Execute¶
Execute tasks on workers Tasks run as part of a Job Jobs may be composed of multiple Stages BSP model
Workers / cluster¶
Get the number of workers the driver (local node) is connected to:
>>> ctx.worker_count
4
Wait for the cluster gossip to stabilize (5 seconds to initial connect ans 60 seconds for the list to stabilize (peer discovery to stop and the peer list in sync with the others)):
>>> ctx.await_workers()
4
Access the list of peers:
>>> ctx.workers
[<Peer: localdomain.localhost.worker.29235.0.1>, <Peer: localdomain.localhost.worker.29235.0.3>, <Peer: localdomain.localhost.worker.29235.0.2>, <Peer: localdomain.localhost.worker.29235.0.0>]
Profiling¶
Profile the CPU and memory usage of the cluster:
>>> ctx.cpu_profiling.start()
>>> ctx.memory_profiling.start()
>>> ctx.cpu_profiling.print_stats(3, include=('bndl'))
Clock type: CPU
Ordered by: totaltime, desc
name ncall tsub ttot tavg
bndl/util/threads.py:21 work 40/36 0.000524 1.552147 0.038804
bndl/execute/worker.py:83 Worker.execute 40/36 0.001045 1.548825 0.038721
bndl/execute/worker.py:71 Worker._execute 40/36 0.000953 1.546604 0.038665
>>> ctx.memory_profiling.print_top(limit=3)

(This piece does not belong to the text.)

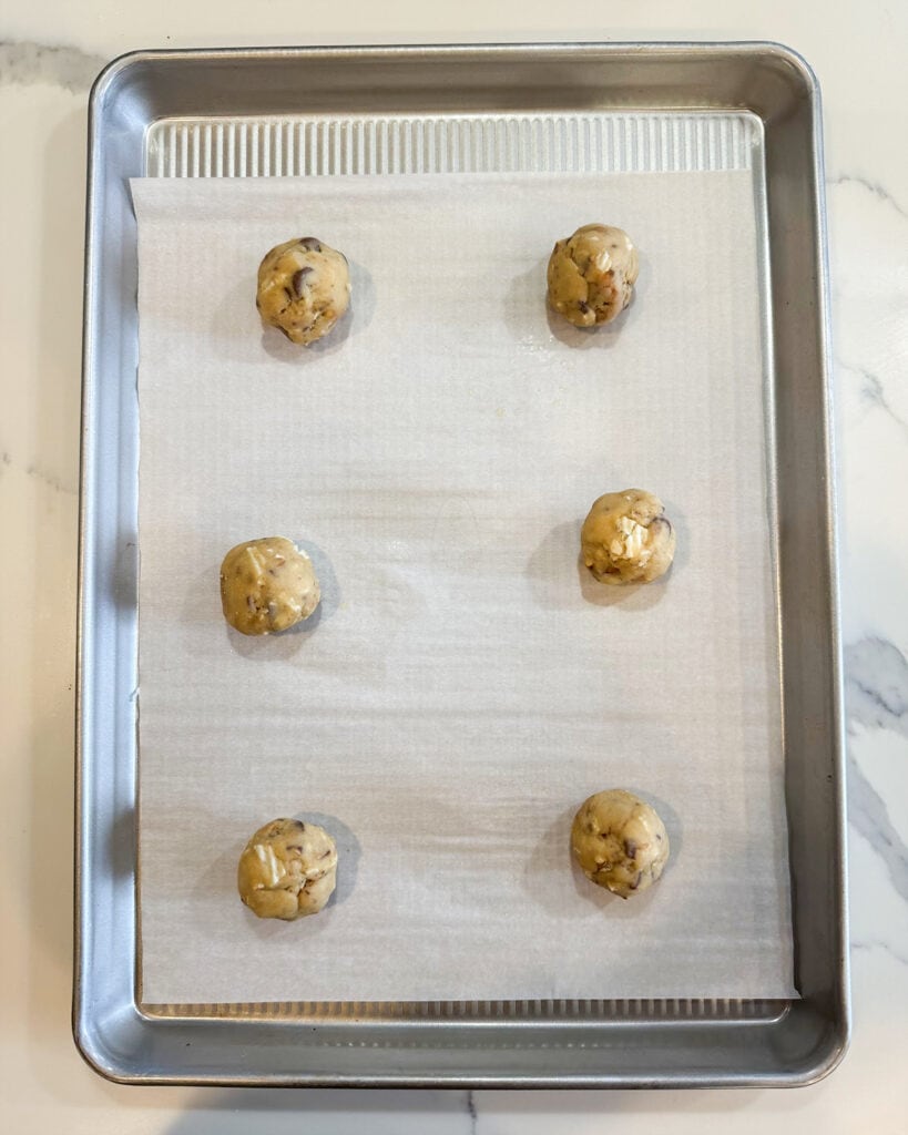 Step 4: Bake the cookies. Scoop the cookie dough into portions about 2 TBS in size. Roll them into balls and place about 6 on a baking sheet, spaced at least 3 inches apart. Bake until the tops of the cookies are just set.

#1 <frozen importlib._bootstrap_external>:484 136.0 KiB
#2 home/frens-jan/Workspaces/ext/cpython3.5/Lib/abc.py:133 14.9 KiB
cls = super().__new__(mcls, name, bases, namespace)

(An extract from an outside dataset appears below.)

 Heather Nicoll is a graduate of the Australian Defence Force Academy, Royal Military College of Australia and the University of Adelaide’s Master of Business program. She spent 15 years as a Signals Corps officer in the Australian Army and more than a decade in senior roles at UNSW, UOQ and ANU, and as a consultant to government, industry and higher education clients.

#3 home/frens-jan/Workspaces/ext/cpython3.5/Lib/tracemalloc.py:68 10.2 KiB
class StatisticDiff:
158 other: 199.5 KiB
Total allocated size: 360.7 KiB
<tracemalloc.Snapshot object at 0x7f89686c7898>
>>> ctx.cpu_profiling.stop()
>>> ctx.memory_profiling.stop()
Job and task execution¶
Todo
Descibe task states:
[*] --> ready
[*] --> blocked
blocked --> ready
ready --> pending
pending --> done
done --> [*]
and concurrency, retry / attempts, locality, etc.